John Pestian, director of the computational medicine center at Cincinnati Children's Hospital, explains that there are different kinds of suicides. Some are driven primarily by chronic mental illness, while others are more impulsive. Those with chronic mental illness may make repeated attempts. People have a powerful instinct to live, he says, and for their psychological pain to override this, it must be incredibly intense. He's hoping to help such people through pharmacogenomics — finding drugs that will ease their chronic emotional pain.
The more impulsive cases are simpler to prevent — think of the teenager whose boyfriend or girlfriend just left, or a Wall Street trader who lost all his money, he says. If someone is going through an acute crisis and wants to jump out a window, the right words spoken at the right time might be the only treatment needed to save a life.
Renowned suicide researcher Edwin Schneidman writes in "The Suicidal Mind" that therapists can help people in this state by getting them to consider alternatives besides killing themselves — helping them see that they have choices.
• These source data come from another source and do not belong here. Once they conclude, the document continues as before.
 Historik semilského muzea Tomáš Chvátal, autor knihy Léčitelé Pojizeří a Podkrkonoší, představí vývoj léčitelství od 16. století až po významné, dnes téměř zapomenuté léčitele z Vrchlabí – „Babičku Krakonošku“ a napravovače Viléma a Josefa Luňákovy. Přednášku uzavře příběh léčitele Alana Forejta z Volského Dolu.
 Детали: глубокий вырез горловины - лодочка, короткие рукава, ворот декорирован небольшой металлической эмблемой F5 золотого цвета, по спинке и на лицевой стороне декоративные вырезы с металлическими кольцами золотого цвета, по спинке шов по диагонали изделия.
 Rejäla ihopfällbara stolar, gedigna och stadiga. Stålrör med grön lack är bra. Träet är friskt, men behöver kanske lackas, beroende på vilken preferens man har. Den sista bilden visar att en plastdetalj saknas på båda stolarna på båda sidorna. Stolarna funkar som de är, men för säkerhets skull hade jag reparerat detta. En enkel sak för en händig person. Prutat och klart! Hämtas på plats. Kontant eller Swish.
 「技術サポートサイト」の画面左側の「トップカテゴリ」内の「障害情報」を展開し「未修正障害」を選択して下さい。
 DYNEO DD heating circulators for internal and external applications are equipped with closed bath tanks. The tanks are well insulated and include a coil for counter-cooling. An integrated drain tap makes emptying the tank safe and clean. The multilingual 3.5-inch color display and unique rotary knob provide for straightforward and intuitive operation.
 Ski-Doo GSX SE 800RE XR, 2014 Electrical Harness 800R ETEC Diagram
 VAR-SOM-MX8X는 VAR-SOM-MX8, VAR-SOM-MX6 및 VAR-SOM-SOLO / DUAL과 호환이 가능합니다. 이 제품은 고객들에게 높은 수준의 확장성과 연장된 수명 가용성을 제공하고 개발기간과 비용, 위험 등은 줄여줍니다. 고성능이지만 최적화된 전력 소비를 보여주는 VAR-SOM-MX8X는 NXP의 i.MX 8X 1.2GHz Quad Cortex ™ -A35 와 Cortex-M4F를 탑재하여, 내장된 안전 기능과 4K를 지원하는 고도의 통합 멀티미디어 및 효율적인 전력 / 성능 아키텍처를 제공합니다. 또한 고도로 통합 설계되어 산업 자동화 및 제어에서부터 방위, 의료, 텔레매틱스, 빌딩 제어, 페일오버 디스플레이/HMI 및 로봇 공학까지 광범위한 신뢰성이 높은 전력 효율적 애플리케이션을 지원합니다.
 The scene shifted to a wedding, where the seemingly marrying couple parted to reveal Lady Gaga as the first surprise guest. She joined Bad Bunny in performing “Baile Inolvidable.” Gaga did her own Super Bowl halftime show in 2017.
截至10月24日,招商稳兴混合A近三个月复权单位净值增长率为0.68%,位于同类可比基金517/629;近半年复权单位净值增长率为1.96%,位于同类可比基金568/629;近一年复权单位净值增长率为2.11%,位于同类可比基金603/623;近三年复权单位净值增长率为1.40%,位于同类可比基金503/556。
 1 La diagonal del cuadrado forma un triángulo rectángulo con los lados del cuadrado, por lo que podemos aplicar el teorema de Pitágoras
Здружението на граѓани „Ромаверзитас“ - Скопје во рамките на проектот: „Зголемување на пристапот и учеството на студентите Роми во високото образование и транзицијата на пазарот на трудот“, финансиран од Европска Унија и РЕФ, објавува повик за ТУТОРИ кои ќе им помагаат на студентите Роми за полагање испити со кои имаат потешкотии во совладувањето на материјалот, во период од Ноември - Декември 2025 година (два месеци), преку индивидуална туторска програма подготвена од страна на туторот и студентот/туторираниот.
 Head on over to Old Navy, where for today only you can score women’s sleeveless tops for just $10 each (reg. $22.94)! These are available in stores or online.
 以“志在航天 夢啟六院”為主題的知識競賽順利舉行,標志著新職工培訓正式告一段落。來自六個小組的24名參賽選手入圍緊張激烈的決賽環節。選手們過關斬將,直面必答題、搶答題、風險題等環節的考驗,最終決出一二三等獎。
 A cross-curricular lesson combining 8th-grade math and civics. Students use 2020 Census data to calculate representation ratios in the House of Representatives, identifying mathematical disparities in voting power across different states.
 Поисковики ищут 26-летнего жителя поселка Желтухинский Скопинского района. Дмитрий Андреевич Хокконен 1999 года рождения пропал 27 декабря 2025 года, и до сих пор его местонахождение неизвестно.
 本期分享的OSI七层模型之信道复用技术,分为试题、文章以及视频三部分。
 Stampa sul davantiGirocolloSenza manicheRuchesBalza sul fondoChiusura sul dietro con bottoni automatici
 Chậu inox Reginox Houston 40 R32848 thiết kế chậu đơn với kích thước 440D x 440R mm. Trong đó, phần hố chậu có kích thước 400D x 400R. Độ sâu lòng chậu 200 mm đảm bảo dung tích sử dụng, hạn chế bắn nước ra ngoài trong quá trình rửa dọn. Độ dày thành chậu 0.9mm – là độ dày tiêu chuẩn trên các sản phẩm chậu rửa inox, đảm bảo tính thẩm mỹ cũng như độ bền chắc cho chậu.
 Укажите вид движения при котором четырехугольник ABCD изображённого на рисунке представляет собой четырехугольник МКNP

He describes how he helped a suicidal college student who felt hopeless after she found out she was pregnant. He got her to consider which of her options was least terrible, and she recovered.
In the memorable 2003 New Yorker story "Jumpers," Tad Friend describes conversations with several people who survived after jumping off the Golden Gate Bridge. They told him that they recognized their mistake before they hit the water: "I instantly realized that everything in my life that I'd thought was unfixable was totally fixable — except for having just jumped," one said. Another left a note saying 'I'm going to walk to the bridge. If one person smiles at me on the way, I will not jump.' "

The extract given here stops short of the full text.